Massive Two-Point Function of Scalars in Position-Minkowski Space What does the two-point position space function of massive scalars look like in Minkowski space?
$$\langle 0| \phi(x) \phi (y)|0\rangle =\ ?$$
I've been trying to better understand the analytic behavior of some simple correlators and realized I don't quite know how to write down such a function.  Is there a closed form which I can learn about its poles, cuts, etc.?
Usually when discussing such objects authors will just write this as a Fourier transform of momentum space, $D(x,y)=\langle 0| \phi(x) \phi (y)|0\rangle =\int e^{-i p(x-y)} D(p)$, without actually evaluating the Fourier transform.  I'm worried I am missing some subtleties when I try to do it myself.  Other authors will argue that if we think about the physics, we should really be concerned with causal objects and so we should consider a related object like $\langle0| [\phi(x), \phi (y)]|0\rangle $. (For example Peskin & Schroeder pp. 27-29)
This seems like a basic object so I am assuming I have some very basic misunderstanding.  The only time I ever see such an object discussed in physics is when dealing with a CFT.  Here, however, one is always interested in a massless theory (we don't need no scales!).
Edits:

*

*One suggestion is just to use this procedure, but I believe the starting point there involves a time-ordered correlation function (i.e. Feynman propagator).  I'm specifically interested in the non-time-ordered case.

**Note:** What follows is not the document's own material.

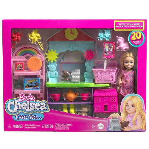 芭比小凱莉玩具店組合有20個講故事的配件,包括一個購物籃、收銀台、迷你芭比娃娃,和迷你UNO®遊戲等等。物品可以在彩色貨架和展示櫃檯上展示。

*Another suggestion is that I should be careful about my language.  This seems the providence of Wightman functions and more general distributions in field theory, but alas this is not my forte.

 A: These sorts of expressions are discussed in older quantum field theory books, such as Bjorken & Drell and Bogoliubov & Shirkov. In Quantum Fields, by Bogoliubov & Shirkov, the expression for the two-point function of a massive scalar field in Minkowski spacetime can be read from the expressions given on Appendix V.2. Specifically, one has (up to typos as I copy down the expression)
$$\langle 0 | \phi(x) \phi(0) |0 \rangle = \frac{\mathrm{sign}(x^0) \delta(\lambda)}{4\pi i} - \frac{m \Theta(\lambda)}{8 \pi i \sqrt{\lambda}}\left[\mathrm{sign}(x^0) J_1(m \sqrt{\lambda}) - i N_1(m \sqrt{\lambda}) \right] + \frac{m \Theta(-\lambda)}{4 \pi^2 \sqrt{-\lambda}} K_1(m \sqrt{-\lambda}),$$
where $\lambda = (x^0)^2 - ||\vec{x}||^2$, $J_1$, $Y_1$, and $K_1$ are the Bessel functions, $\Theta$ is Heaviside's theta function, and $\mathrm{sign}$ is the sign function.
There are some discussions about this and other related propagators on n-Lab. n-Lab also lists this table on commutator functions and propagators that might be useful to understand the pole structures and so on.